Records are flexible ways to compose information coming from various sources. For instance, your processing chain can produce records only containing an ID. Later, you add can retrieve the item content and add it to the record. Further in the processing, you would want to add some transformation of the item content.

Records allow to perform this type of transformations by holding a set of items. Record types form a lattice of types so that checking that some item types are present in an item is easy.

Working with record types

Record types form a lattice of types that can be used to check record properties before hand.

ABRecord = record_type(AItem, BItem)
AB1Record = record_type(AItem, B1Item)

# Hierarchy-based check
assert ABRecord.contains(AB1Record)

# Checks for specific types
assert ABRecord.has(AItem, BItem)

Validating

To ensure that a record fills the requested property, one can use record types

ABRecord = record_type(AItem, BItem)

# OK
ABRecord(AItem(1), BItem(2))

# Fails: A1Item is not AItem
ABRecord(A1Item(1), BItem(2))

# Fails: AItem is not present
ABRecord(BItem(2))

When updating, it is also possible to validate

A1BRecord = record_type(A1Item, BItem)
record = Record(AItem(1), BItem(2))

# Update the ABRecord into a A1/B one
record.update(A1Item(1, 2), target=A1BRecord)

API

class datamaestro.record.Item

Base class for all item types

class datamaestro.record.RecordType(*item_types: Type[T])
__call__(*items: T)

Call self as a function.

sub(*item_types: Type[T])

Returns a new record type based on self and new item types

validate(record: Record)

Creates and validate a new record of this type

class datamaestro.record.Record(*items: Dict[Type[T], T] | T, override=False)
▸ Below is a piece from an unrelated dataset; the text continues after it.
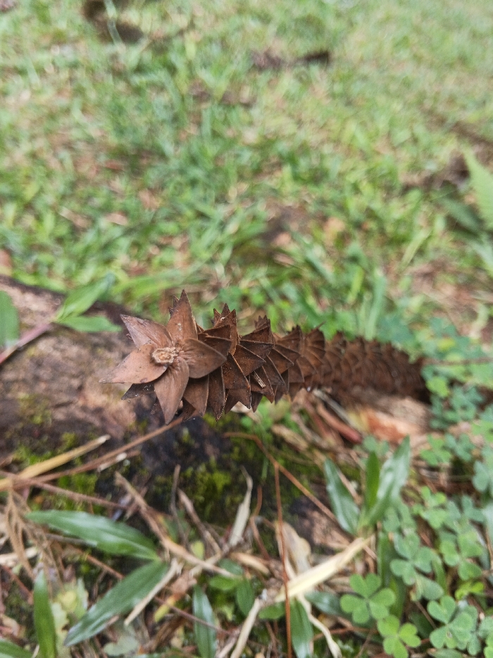 - "A brown, dried casuarina cone lies on a mossy log, surrounded by grass and clover" by FM-LFyiu1, licensed under CC BY 4.0
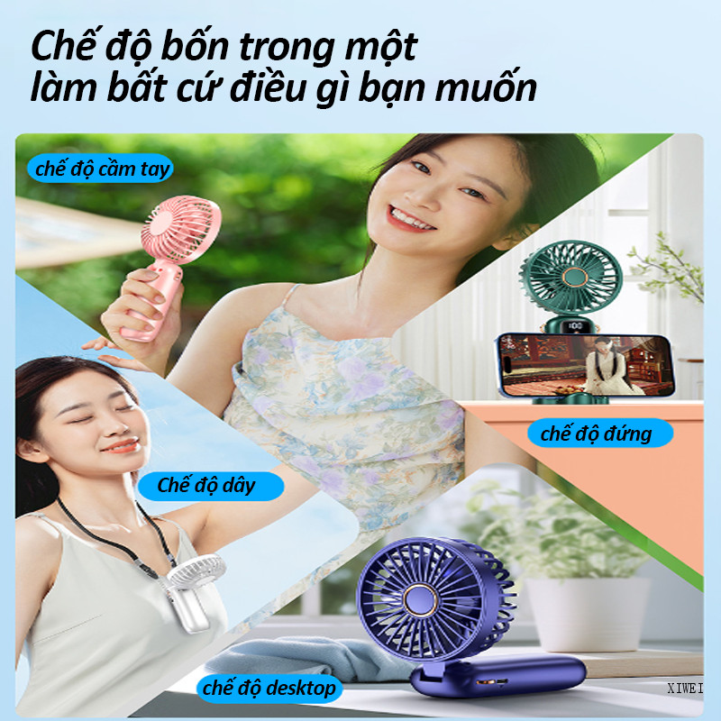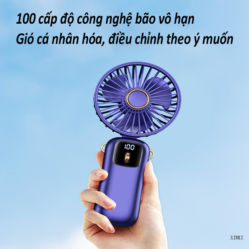 Quạt cầm tay Mini có thể gập lại, Quạt điện tích hợp, 100 cấp độ gió, Dung lượng pin 18000mAh

Associate types with entries

A record is a composition of items; each item base class is unique.

get(key: Type[T]) T | None

Get a given item or None if it does not exist

has(key: Type[T]) bool

Returns True if the record has the given item type

update(*items: T, target: RecordType | None = None) Record

Update some items

datamaestro.record.record_type(*item_types: Type[T])

Returns a new record type